On 12/29/2008 7:46 PM, Grant Ingersoll wrote:
> What does the FIELD_BODY look like?  You search is apparently going 
> against that Field, but you don't show how it is indexed.
>
> Have you looked at your index in Luke yet?  http://www.getopt.org/luke?
>
>
>
> On Dec 29, 2008, at 8:19 AM, Girish Naik wrote:
>
>> Sorry for that,
>>
>> Here is how the Analyzer is Selected:
>>  public static Analyzer getAnalyzerInstance(String localeKey) {
>>     Analyzer analyzer = null;
>>     if (localeKey == null || localeKey.trim().equals("")) {
>>         localeKey = AppContext.getSetting("defaultLocale");
>>         System.out.println("<><><>><><><><><Locale
key taken as 
>> Default ");
>>     } else {
>>         // localeKey may be a csv of locales, in which case picj the 
>> first
>>         // one.
>>         localeKey = StringUtils.split(localeKey, ",")[0].trim();
>>         System.out.println("<><><>><><><><><Locale
key is trimmed");
>>     }
>>     System.out.println("<><><>><><><><><Locale
is " + localeKey);
>>     String name = (String) _analyzerMap.get(localeKey);
>>     System.out.println("<><><>><><><><><Name
from Locale is " + name);
>>     if (name == null) {
>>         analyzer = new StandardAnalyzer();
>>     } else {
>>         // if (name.equalsIgnoreCase("Arabic")) {
>>         // analyzer = new ArabicAnalyzer();
>>         // } else {
>>         analyzer = new SnowballAnalyzer(name);
>>         // }
>>     }
>>     return analyzer;
>>     }
>>
>>
>> While Indexing some are analyzed and some are not...
>>  document.add(new Field(FIELD_DOCUMENT_CREATED_ON, LocaleUtils
>>             .convert8859_6ToUTF8(com.aurigalogic.activesite.field.Field
>>                 .indexableDate(avsDoc.getCreatedOn())),
>>             Field.Store.YES, Field.Index.NOT_ANALYZED));
>> ...
>> document.add(new Field(FIELD_CONTENT_TYPE, LocaleUtils
>>             .convert8859_6ToUTF8(version.getDocument()
>>                 .getContentDescriptor().getName()),
>>             Field.Store.YES, Field.Index.ANALYZED));
>> Currently the method LocaleUtils.convert8859_6ToUTF8 does nothing but 
>> returns the parameter as is.
>>
>> While seraching the Query parser  etc.  are created like
>> Analyzer analyzer = AnalyzerSelector.getAnalyzerInstance(locale);
>> ...
>> QueryParser qparser = new QueryParser(Constants.FIELD_BODY, analyzer);
>> ...
>>
>>
>> So while posting the form with a Arabic word does not fetch the 
>> results.
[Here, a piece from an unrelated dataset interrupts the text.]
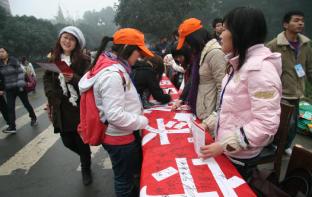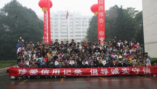四川师大学术厅外举办了大型征信金融知识宣传和签名活动,现场千余师生在“珍爱信用记录、倡导诚实守信”大型横幅上签名,庄严写下自己的诚信承诺。活动结束后,参加仪式的全体人员一起在横幅前合影留念。此次“百讲千传”征信知识竞赛在大学校园内开展,历时2月,参与学生超过5万人,获得巨大成功。这也是人行成都分行与四川省教育厅08年选聘百名宣讲员和千名宣传员,在全省大学校园内开展“百讲千传”征信宣传机制的后续活动。我分行将继续做好高校征信知识宣传长效机制建设,加强对大学生的诚信教育,引导大学生重承诺、讲信用,并培养他们正确应用现代金融手段做好人生职业规划,逐步探索出适合四川实际的征信和金融知识国民教育方法。

An English word does work though!!
>>
>> I would be more that helpful if anything else is required.
>>
>>
>>
>>
>> Regards,
>>
>> Please do not print this email unless it is absolutely necessary.
>> Girish Naik
>> Development Lead
>>
>> Neev Information Technologies Pvt Ltd
>> Bangalore, Karnataka India
>>
>> <banner-5b.png>    Mobile: 91 09740091638
>> Email: girish.naik@gmail.com
>> IM: girish.naik (Skype)
>> http://www.linkedin.com/in/girishnaik
>>
>> <banner-2c.png> <neev_logo.gif>
>>
>> Fools rush in where angels fear to tread
>> See who we know in common    Want a signature like this?
>> The information contained in this electronic message and any 
>> attachments to this message are intended for the exclusive use of the 
>> addressee(s) and may contain proprietary, confidential or privileged 
>> information. If you are not the intended recipient, you should not 
>> disseminate, distribute or copy this e-mail. Please notify the sender 
>> immediately and destroy all copies of this message and any attachments.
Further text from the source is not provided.